Mirae Asset has just filed a draft with SEBI for its latest ETF, aiming to track the BSE 200 Equal Weight Total Return Index. So what does that mean? Well, this ETF isn’t just focusing on the heavyweights but is spreading out investments equally across the top 200 companies on BSE. It’s like giving each stock an equal shot.
The idea behind this ETF is to closely mirror the performance of the BSE 200 Equal Weight Index—meaning it’s trying to give investors returns that line up with the index minus a few fees here and there. While nothing’s guaranteed (this is the market, after all), Mirae Asset is aiming for tracking error to stay under 2% a year, which could keep it pretty close to the index’s overall gains.

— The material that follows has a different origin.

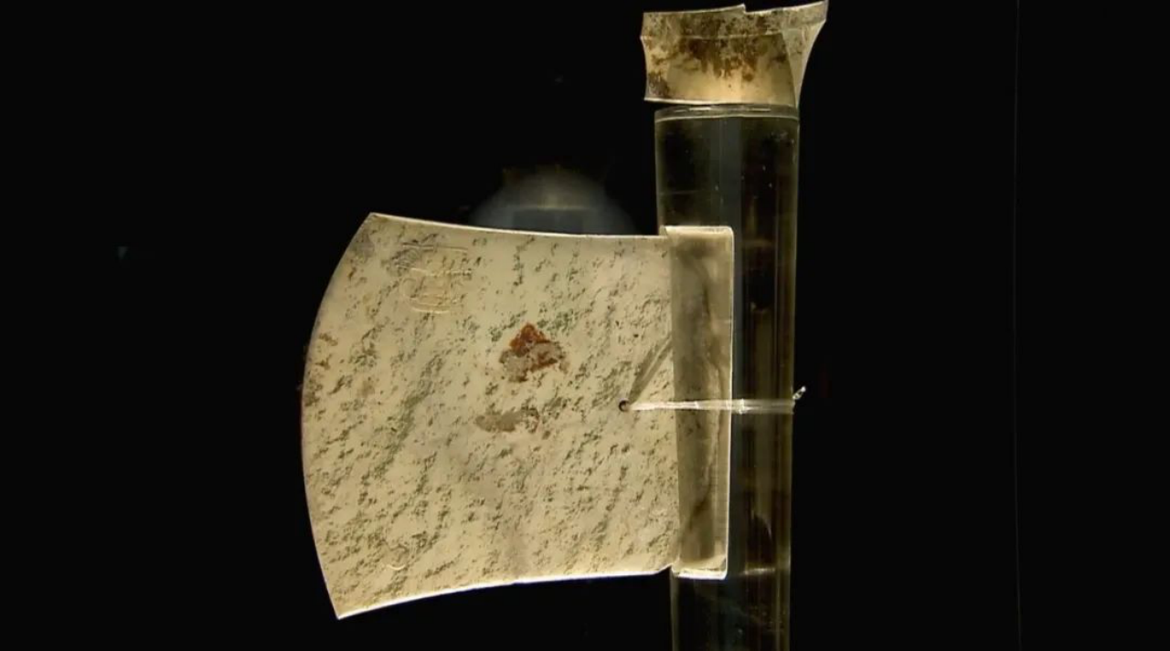 这件玉琮高约8.9厘米、重约6.5公斤,是迄今发现最为宽大、造型及图案最为典型的史前玉琮,因而被称为“玉琮王”。和玉琮王同时出土的,还有一件大型玉钺(yuè),因其制作精美,也被称为“玉钺王”。这两件重器出自同一墓穴,在目前发掘的良渚墓葬中规格最高。

Once it’s listed on the NSE and BSE, investors can trade the ETF like any other stock. And for those putting in big money (think Rs.25 crore and up), there’s direct access through the Asset Management Company (AMC). But if you’re looking to get in during the New Fund Offer (NFO) period, you can start with as little as Rs.5,000. There’ll be Market Makers to ensure liquidity, so ideally, trading should stay smooth and prices fair.
The NFO price kicks off at 1/1000th of the BSE 200 Equal Weight Index’s closing value on the date of allotment. Mirae’s keeping the NFO open for at least three days and up to 15, giving investors a fair window to jump in. Fees are also investor-friendly, with an annual cap at 1% of daily net assets to keep costs manageable.
Unlike the usual cap-weighted approach where big companies dominate, this ETF’s equal-weight model makes room for all 200 companies to shine. This way, you’re not overly reliant on a handful of giants, and there’s a bit of a buffer if some of the bigger players have a rough patch. The ETF’s benchmark is the BSE 200 Equal Weight TRI, which includes India’s top 200 stocks across sectors, with a combined market cap north of Rs.200 lakh crore—talk about coverage!
Conclusion: Mirae’s BSE 200 Equal Weight ETF could be an interesting addition for those looking to diversify without the roller-coaster effect of top-heavy funds. It’s a way to get balanced exposure to both large and mid-cap players while reducing those concentration risks. Of course, tracking errors and market ups and downs are still part of the game.
Disclaimer: This blog has been written exclusively for educational purposes. The securities mentioned are only examples and not recommendations. It is based on several secondary sources on the internet and is subject to changes. Please consult an expert before making related decisions.